◆ DATASET EXTRACT:
======

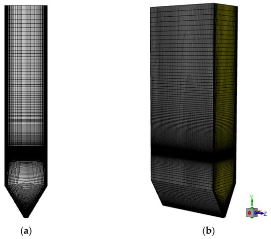 Mesh generation is executed utilizing the ICEM 19.2 software, employing a structured quadrilateral mesh for the discretization of the computational domain. Specific attention is given to the near-wall region and the burner nozzle area, where local mesh refinement is implemented to accurately capture the flow dynamics and thermal gradients in these critical zones. The mesh configuration is illustrated in Figure 3, providing a visual representation of the spatial discretization strategy adopted. This approach ensures that the numerical simulations are both accurate and efficient, facilitating a detailed analysis of the flow and thermal phenomena within the studied system.
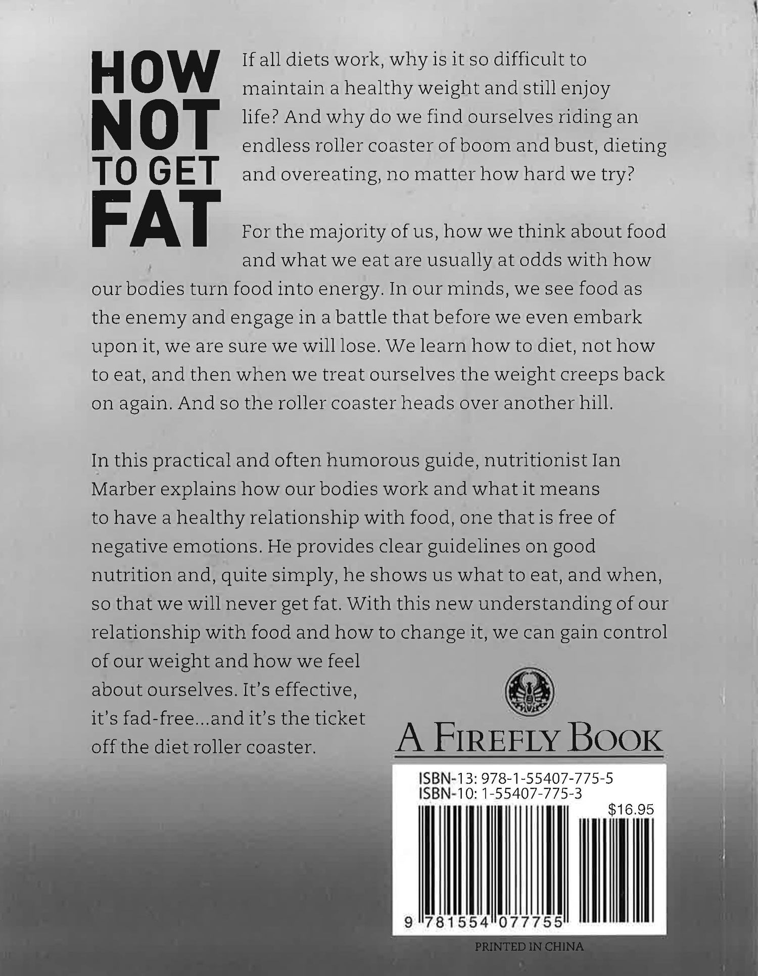 A common-sense guide to a healthy weight: know what to eat and when. Nutritionist Ian Marber believes that few, if any, of us were taught how to eat properly; instead, we were taught how to diet. How Not to Get Fat is about avoiding diets in the first place. It looks closely at how our emotions and actions are usually at odds with the biochemistry of our bodies. By understanding these relationships readers can learn how to satisfy hunger, enjoy good food and minimize cravings. The book is divided into three sections: Section one clearly explains the body's biochemistry -- digestion, glucose, carbohydrates, proteins, fats, metabolism, hunger signals and much more. These are the basis of any successful eating plan. Section two is a fascinating discussion of how thought processes and emotions control a person's ability to keep a healthy weight. It examines the powerful forces that come into play when deciding to eat: habits, social attitudes, genetics, subliminal influences, choices, portion control, gender and more. Section three explains how, armed with a new understanding of how their body works, readers can create a personalized eating plan that addresses their body's biochemical needs, thereby avoiding the emotionally damaging roller coaster of diets. It also sets out simple eating rules that are easy to follow. This is a straightforward and encouraging guide from an expert nutritionist. It is a no-pressure, liberating approach to one of our most basic needs, and proof that prevention is better than cure.
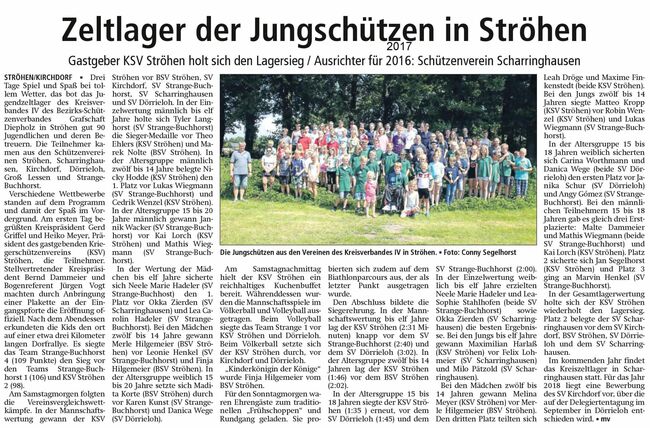 Zum Abschluss des Zeltlagers fand dann die Siegerehrung statt. In der Mannschaftswertung bis 11 Jahre lag der KSV Ströhen (2:31 Min.) knapp vor dem SV Strange-Buchhorst (2:40 Min.) und dem SV Dörrieloh (3:02 Min.). In der Altersgruppe 12 bis 14 Jahren lag die Mannschaft des KSV Ströhen (1:46 Min.) vor dem BSV Ströhen (2:02 Min.). In der Altersgruppe 15 bis 18 Jahren siegte der KSV Ströhen (1:35 Min.) wiederholt vor dem SV Dörrieloh (1:45 Min.) und dem SV Strange-Buchhorst (2:00 Min.). In der Einzelwertung weiblich bis 11 Jahre konnten Neele Marie Hadeler (SV Strange-Buchhorst), Lea-Sophie Stahlhofen (SV Strange-Buchhorst) und Okka Zierden (SV Scharringhausen) beste Ergebnisse erzielen. In der Altersgruppe männlich bis 11 Jahren sicherte sich Maximilian Harlaß (KSV Ströhen) vor Felix Lohmeier (SV Scharringhausen) und Milo Pätzold (SV Scharringhausen) den Sieg. In der Altersgruppe 12 bis 14 Jahren weiblich siegte Melina Meyer (KSV Ströhen) vor Merle Hilgemeier (BSV Ströhen). Den dritten Platz teilten sich Leah Dröge und Maxime Finkenstedt(beide KSV Ströhen). Bei den männlichen Teilnehmern 12 bis 14 Jahren siegte Matteo Kropp (KSV Ströhen) vor Robin Wenzel (KSV Ströhen) und Lukas Wiegmann (SV Strange-Buchhorst). In der Altersgruppe 15 bis 18 Jahren weiblich sicherten sich Carina Worthmann und Danica Wege (beide SV Dörrieloh) den ersten Platz vor Janika Schur (SV Dörrieloh) und Angy Gómez (SV Strange-Buchhorst). Bei den männlichen Teilnehmern 15 bis 18 Jahren gab es eine Sensation, denn es gab 3 Erstplazierte: Malte Dammeier und Mathis Wiegmann (beide SV Strange-Buchhorst) und Kai Lorch (KSV Ströhen). Platz 2 sicherte sich Jan Segelhorst (KSV Ströhen) und Platz 3 ging an Marvin Henkel (SV Strange-Buchhorst).

======

◆ PROBLEM DETAILS: Output the data exactly as it appears. The pictures do not belong in it.

◆ REPLY TO THE TASK:
 Mesh generation is executed utilizing the ICEM 19.2 software, employing a structured quadrilateral mesh for the discretization of the computational domain. Specific attention is given to the near-wall region and the burner nozzle area, where local mesh refinement is implemented to accurately capture the flow dynamics and thermal gradients in these critical zones. The mesh configuration is illustrated in Figure 3, providing a visual representation of the spatial discretization strategy adopted. This approach ensures that the numerical simulations are both accurate and efficient, facilitating a detailed analysis of the flow and thermal phenomena within the studied system.
 A common-sense guide to a healthy weight: know what to eat and when. Nutritionist Ian Marber believes that few, if any, of us were taught how to eat properly; instead, we were taught how to diet. How Not to Get Fat is about avoiding diets in the first place. It looks closely at how our emotions and actions are usually at odds with the biochemistry of our bodies. By understanding these relationships readers can learn how to satisfy hunger, enjoy good food and minimize cravings. The book is divided into three sections: Section one clearly explains the body's biochemistry -- digestion, glucose, carbohydrates, proteins, fats, metabolism, hunger signals and much more. These are the basis of any successful eating plan. Section two is a fascinating discussion of how thought processes and emotions control a person's ability to keep a healthy weight. It examines the powerful forces that come into play when deciding to eat: habits, social attitudes, genetics, subliminal influences, choices, portion control, gender and more. Section three explains how, armed with a new understanding of how their body works, readers can create a personalized eating plan that addresses their body's biochemical needs, thereby avoiding the emotionally damaging roller coaster of diets. It also sets out simple eating rules that are easy to follow. This is a straightforward and encouraging guide from an expert nutritionist. It is a no-pressure, liberating approach to one of our most basic needs, and proof that prevention is better than cure.
 Zum Abschluss des Zeltlagers fand dann die Siegerehrung statt. In der Mannschaftswertung bis 11 Jahre lag der KSV Ströhen (2:31 Min.) knapp vor dem SV Strange-Buchhorst (2:40 Min.) und dem SV Dörrieloh (3:02 Min.). In der Altersgruppe 12 bis 14 Jahren lag die Mannschaft des KSV Ströhen (1:46 Min.) vor dem BSV Ströhen (2:02 Min.). In der Altersgruppe 15 bis 18 Jahren siegte der KSV Ströhen (1:35 Min.) wiederholt vor dem SV Dörrieloh (1:45 Min.) und dem SV Strange-Buchhorst (2:00 Min.). In der Einzelwertung weiblich bis 11 Jahre konnten Neele Marie Hadeler (SV Strange-Buchhorst), Lea-Sophie Stahlhofen (SV Strange-Buchhorst) und Okka Zierden (SV Scharringhausen) beste Ergebnisse erzielen. In der Altersgruppe männlich bis 11 Jahren sicherte sich Maximilian Harlaß (KSV Ströhen) vor Felix Lohmeier (SV Scharringhausen) und Milo Pätzold (SV Scharringhausen) den Sieg. In der Altersgruppe 12 bis 14 Jahren weiblich siegte Melina Meyer (KSV Ströhen) vor Merle Hilgemeier (BSV Ströhen). Den dritten Platz teilten sich Leah Dröge und Maxime Finkenstedt(beide KSV Ströhen). Bei den männlichen Teilnehmern 12 bis 14 Jahren siegte Matteo Kropp (KSV Ströhen) vor Robin Wenzel (KSV Ströhen) und Lukas Wiegmann (SV Strange-Buchhorst). In der Altersgruppe 15 bis 18 Jahren weiblich sicherten sich Carina Worthmann und Danica Wege (beide SV Dörrieloh) den ersten Platz vor Janika Schur (SV Dörrieloh) und Angy Gómez (SV Strange-Buchhorst). Bei den männlichen Teilnehmern 15 bis 18 Jahren gab es eine Sensation, denn es gab 3 Erstplazierte: Malte Dammeier und Mathis Wiegmann (beide SV Strange-Buchhorst) und Kai Lorch (KSV Ströhen). Platz 2 sicherte sich Jan Segelhorst (KSV Ströhen) und Platz 3 ging an Marvin Henkel (SV Strange-Buchhorst).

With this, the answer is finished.